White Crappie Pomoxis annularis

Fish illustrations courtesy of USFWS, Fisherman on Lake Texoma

--

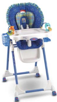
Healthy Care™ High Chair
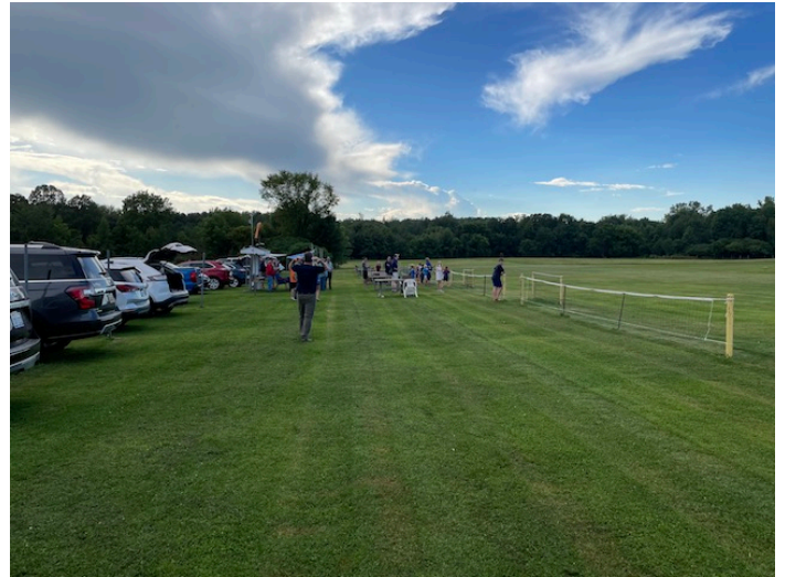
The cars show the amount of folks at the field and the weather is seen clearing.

--

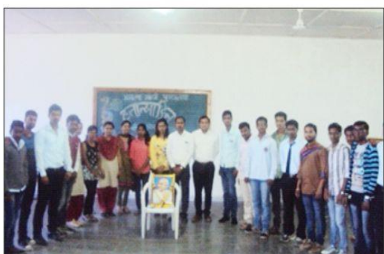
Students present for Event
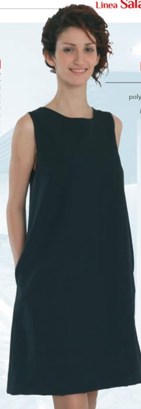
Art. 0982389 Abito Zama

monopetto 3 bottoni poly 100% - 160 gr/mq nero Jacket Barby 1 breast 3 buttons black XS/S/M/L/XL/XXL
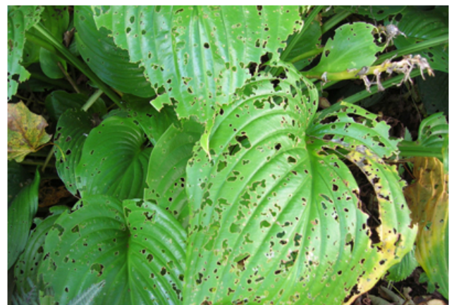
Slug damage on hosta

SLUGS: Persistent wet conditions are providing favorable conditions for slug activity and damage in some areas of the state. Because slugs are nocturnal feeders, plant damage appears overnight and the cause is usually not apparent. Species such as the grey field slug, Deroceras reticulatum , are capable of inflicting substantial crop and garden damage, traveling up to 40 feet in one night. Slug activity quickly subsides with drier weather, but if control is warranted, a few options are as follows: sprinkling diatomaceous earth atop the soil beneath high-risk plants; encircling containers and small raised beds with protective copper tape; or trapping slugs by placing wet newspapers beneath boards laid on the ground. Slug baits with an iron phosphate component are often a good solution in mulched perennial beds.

--

● Task instructions: Above are records; repeat only the lines from the line with "Art. 0982389 Abito Zama" through the line with "SLUGS: Persistent wet", and leave pictures out.

● Your solution:
Art. 0982389 Abito Zama

monopetto 3 bottoni poly 100% - 160 gr/mq nero Jacket Barby 1 breast 3 buttons black XS/S/M/L/XL/XXL
Slug damage on hosta

SLUGS: Persistent wet conditions are providing favorable conditions for slug activity and damage in some areas of the state. Because slugs are nocturnal feeders, plant damage appears overnight and the cause is usually not apparent. Species such as the grey field slug, Deroceras reticulatum , are capable of inflicting substantial crop and garden damage, traveling up to 40 feet in one night. Slug activity quickly subsides with drier weather, but if control is warranted, a few options are as follows: sprinkling diatomaceous earth atop the soil beneath high-risk plants; encircling containers and small raised beds with protective copper tape; or trapping slugs by placing wet newspapers beneath boards laid on the ground. Slug baits with an iron phosphate component are often a good solution in mulched perennial beds.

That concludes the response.